Collected data →
- - - - -
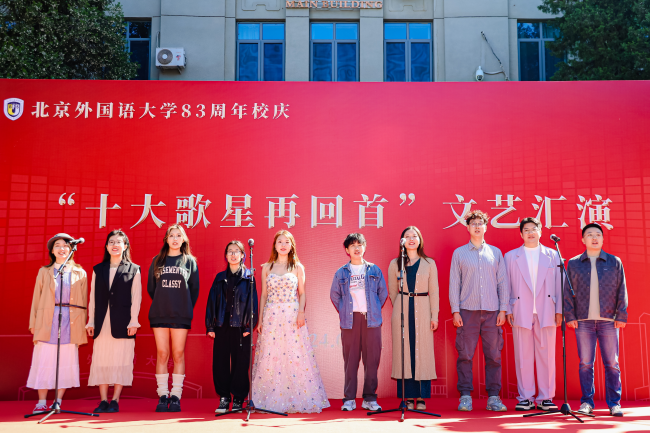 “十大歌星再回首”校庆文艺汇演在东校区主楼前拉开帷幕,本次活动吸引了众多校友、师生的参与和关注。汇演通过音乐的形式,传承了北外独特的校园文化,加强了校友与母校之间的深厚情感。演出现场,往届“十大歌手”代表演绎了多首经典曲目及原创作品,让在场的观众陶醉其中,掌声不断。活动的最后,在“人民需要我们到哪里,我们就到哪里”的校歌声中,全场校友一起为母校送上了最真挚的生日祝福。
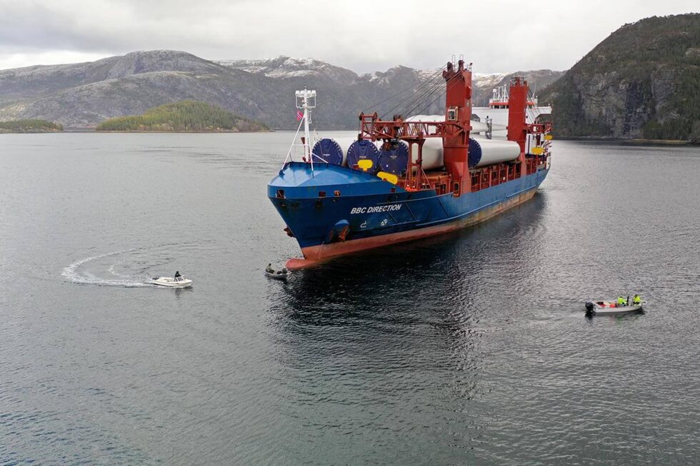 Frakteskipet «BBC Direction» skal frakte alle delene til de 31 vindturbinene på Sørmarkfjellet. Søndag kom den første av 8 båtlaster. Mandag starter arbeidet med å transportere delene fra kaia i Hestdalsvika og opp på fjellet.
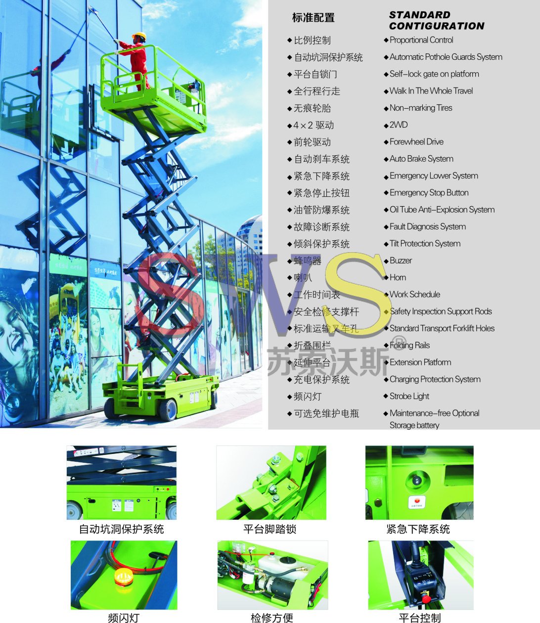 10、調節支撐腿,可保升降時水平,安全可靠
- - - - -
Task statement → Quote the material above exactly, from the line holding "opp på fjellet." through its last line, including both. Omit the pictures.

Exercise response →
 Frakteskipet «BBC Direction» skal frakte alle delene til de 31 vindturbinene på Sørmarkfjellet. Søndag kom den første av 8 båtlaster. Mandag starter arbeidet med å transportere delene fra kaia i Hestdalsvika og opp på fjellet.
 10、調節支撐腿,可保升降時水平,安全可靠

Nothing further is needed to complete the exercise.